* _Work required_: Output must consist only of the lines of the material below from the one with "Kuva 5. Sakuralaisia" through the one with "Finnhäuser in Voorde", each reproduced exactly; no pictures belong in it.

━━━━━ Data provided ━━━━━

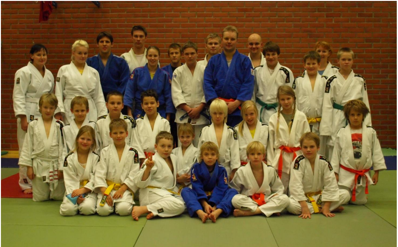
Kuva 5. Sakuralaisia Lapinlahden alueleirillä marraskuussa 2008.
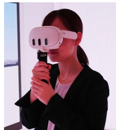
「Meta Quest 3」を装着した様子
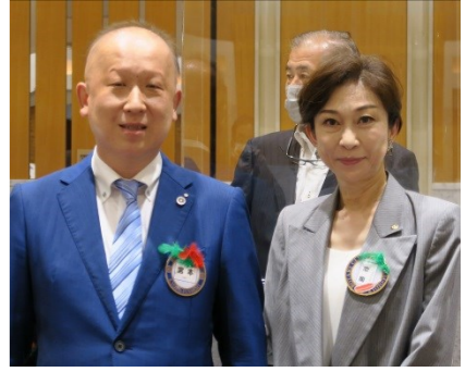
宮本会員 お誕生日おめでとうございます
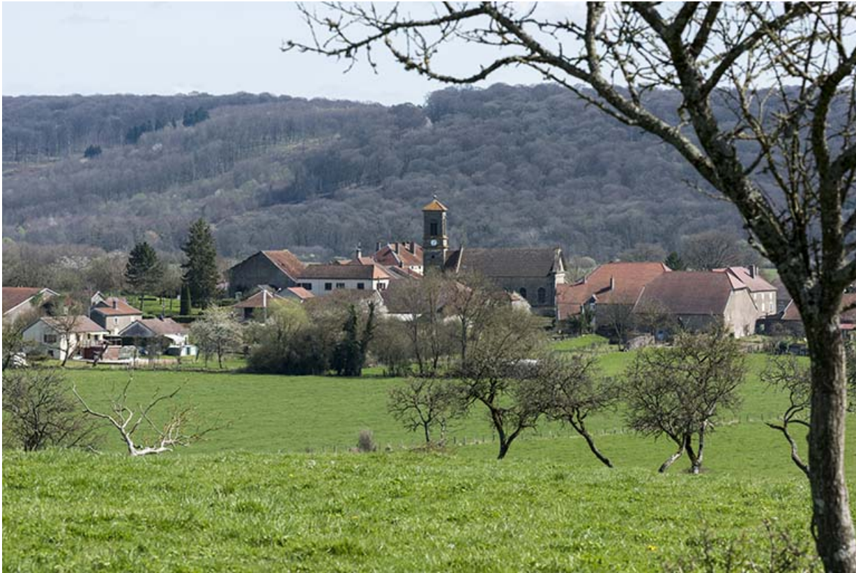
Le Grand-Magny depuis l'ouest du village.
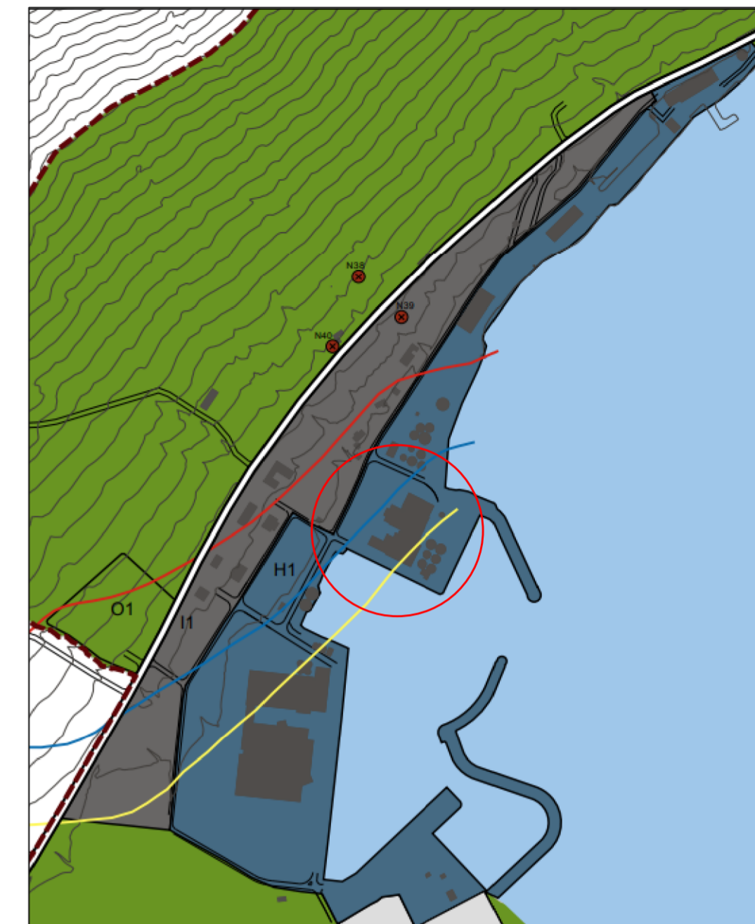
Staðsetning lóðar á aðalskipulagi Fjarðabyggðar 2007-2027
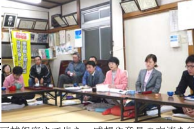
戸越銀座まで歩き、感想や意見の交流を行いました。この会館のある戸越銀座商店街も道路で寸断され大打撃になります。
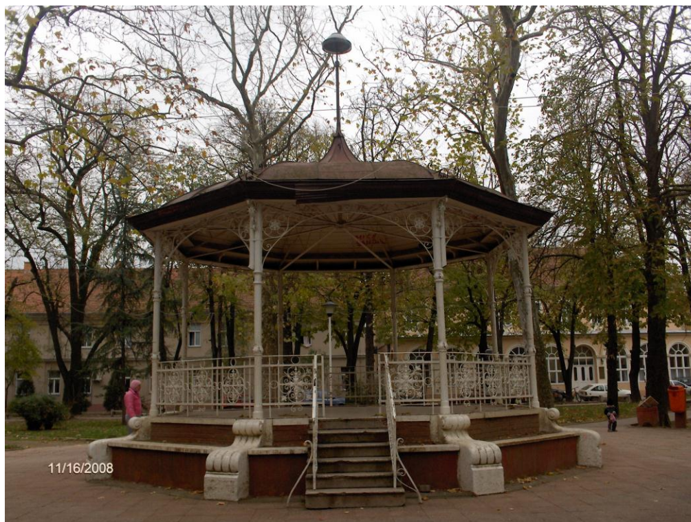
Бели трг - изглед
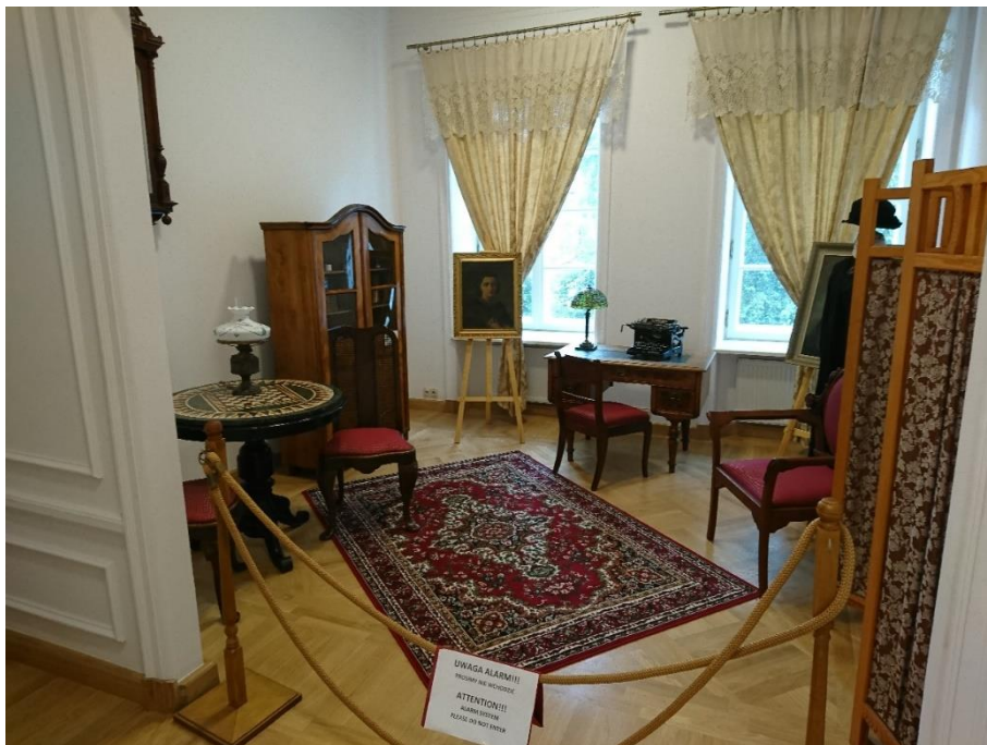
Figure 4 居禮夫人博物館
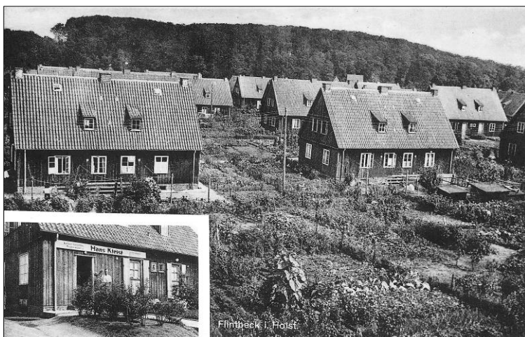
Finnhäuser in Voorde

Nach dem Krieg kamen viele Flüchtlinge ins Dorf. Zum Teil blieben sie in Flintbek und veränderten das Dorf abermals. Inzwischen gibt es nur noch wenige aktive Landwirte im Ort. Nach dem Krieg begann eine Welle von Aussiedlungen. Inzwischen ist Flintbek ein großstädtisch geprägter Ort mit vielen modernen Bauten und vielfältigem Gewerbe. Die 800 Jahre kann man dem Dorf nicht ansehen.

━━━━━
━━━━━ Data provided ━━━━━

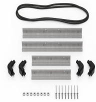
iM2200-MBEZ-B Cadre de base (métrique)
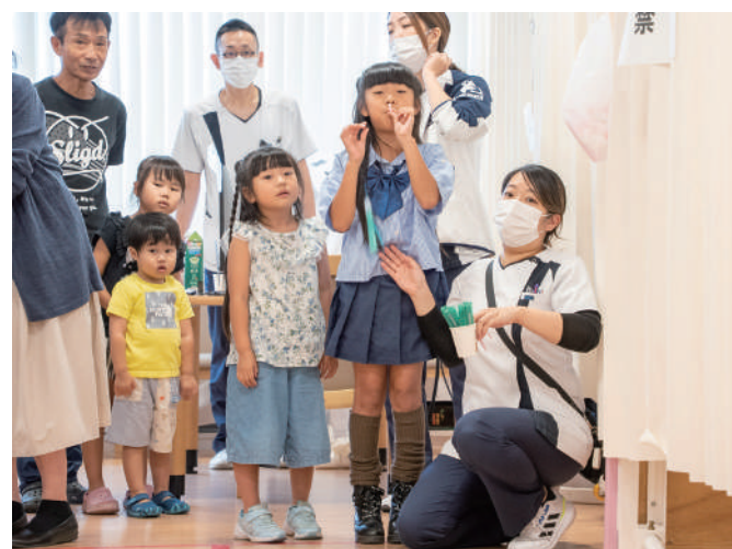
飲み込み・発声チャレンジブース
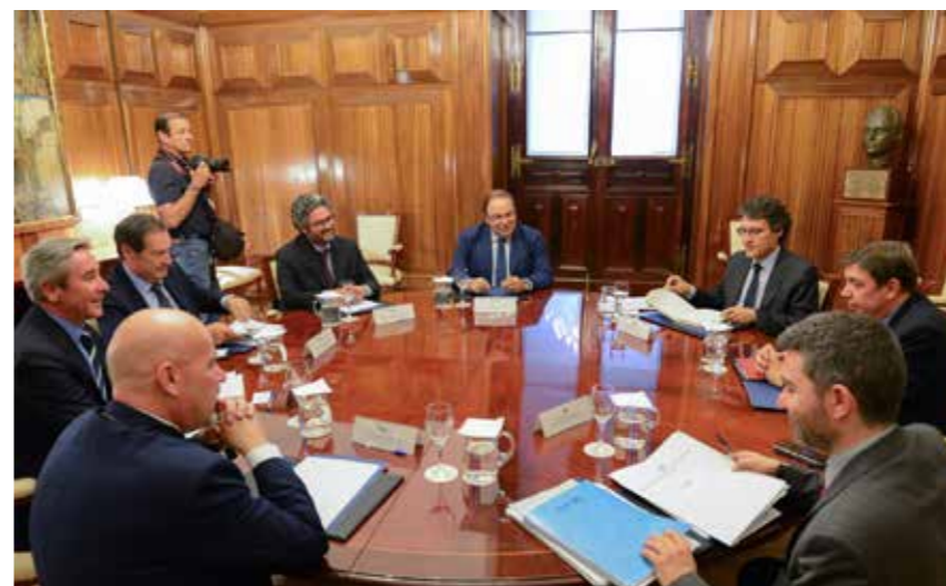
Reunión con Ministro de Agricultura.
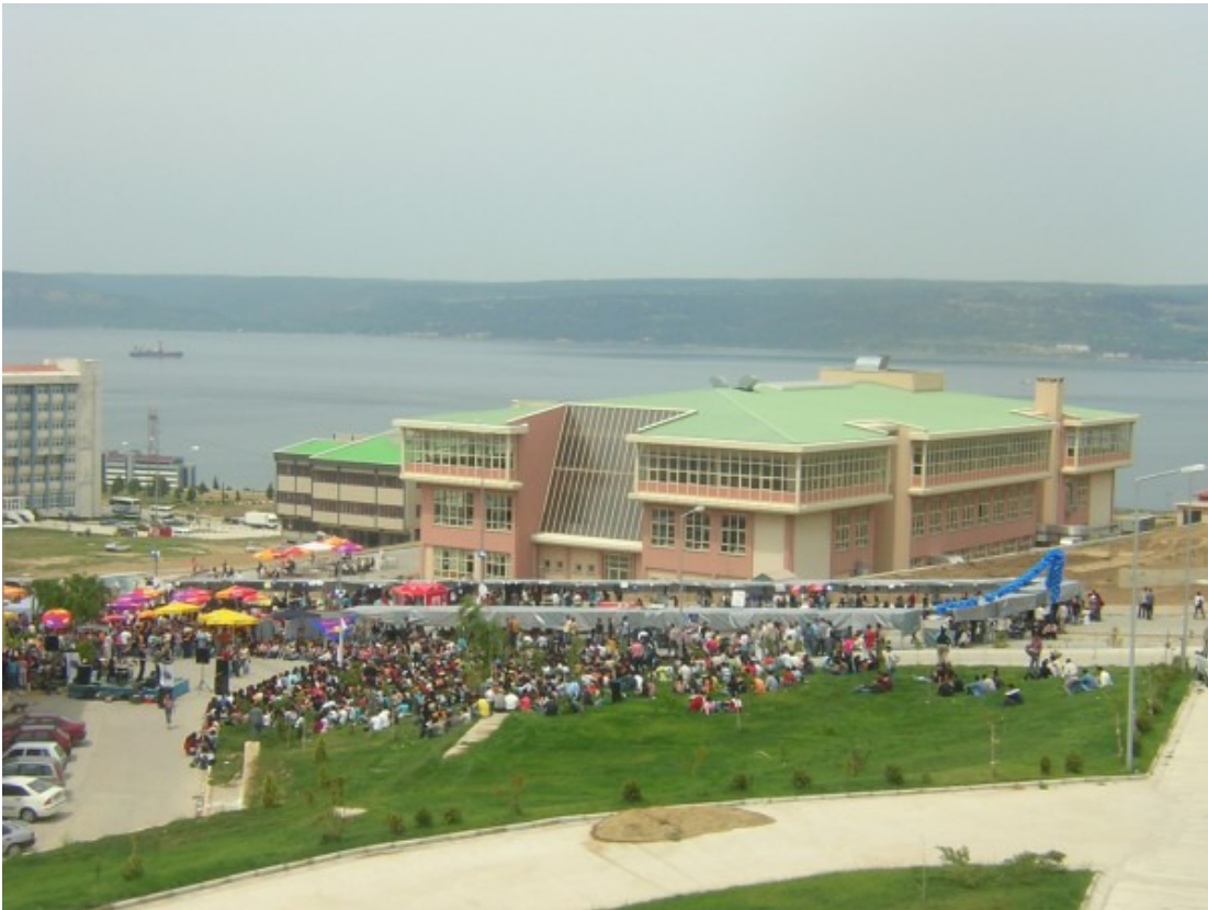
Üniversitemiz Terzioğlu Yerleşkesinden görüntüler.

━━━━━

* _Output for this exercise_:
Kuva 5. Sakuralaisia Lapinlahden alueleirillä marraskuussa 2008.
「Meta Quest 3」を装着した様子
宮本会員 お誕生日おめでとうございます
Le Grand-Magny depuis l'ouest du village.
Staðsetning lóðar á aðalskipulagi Fjarðabyggðar 2007-2027
戸越銀座まで歩き、感想や意見の交流を行いました。この会館のある戸越銀座商店街も道路で寸断され大打撃になります。
Бели трг - изглед
Figure 4 居禮夫人博物館
Finnhäuser in Voorde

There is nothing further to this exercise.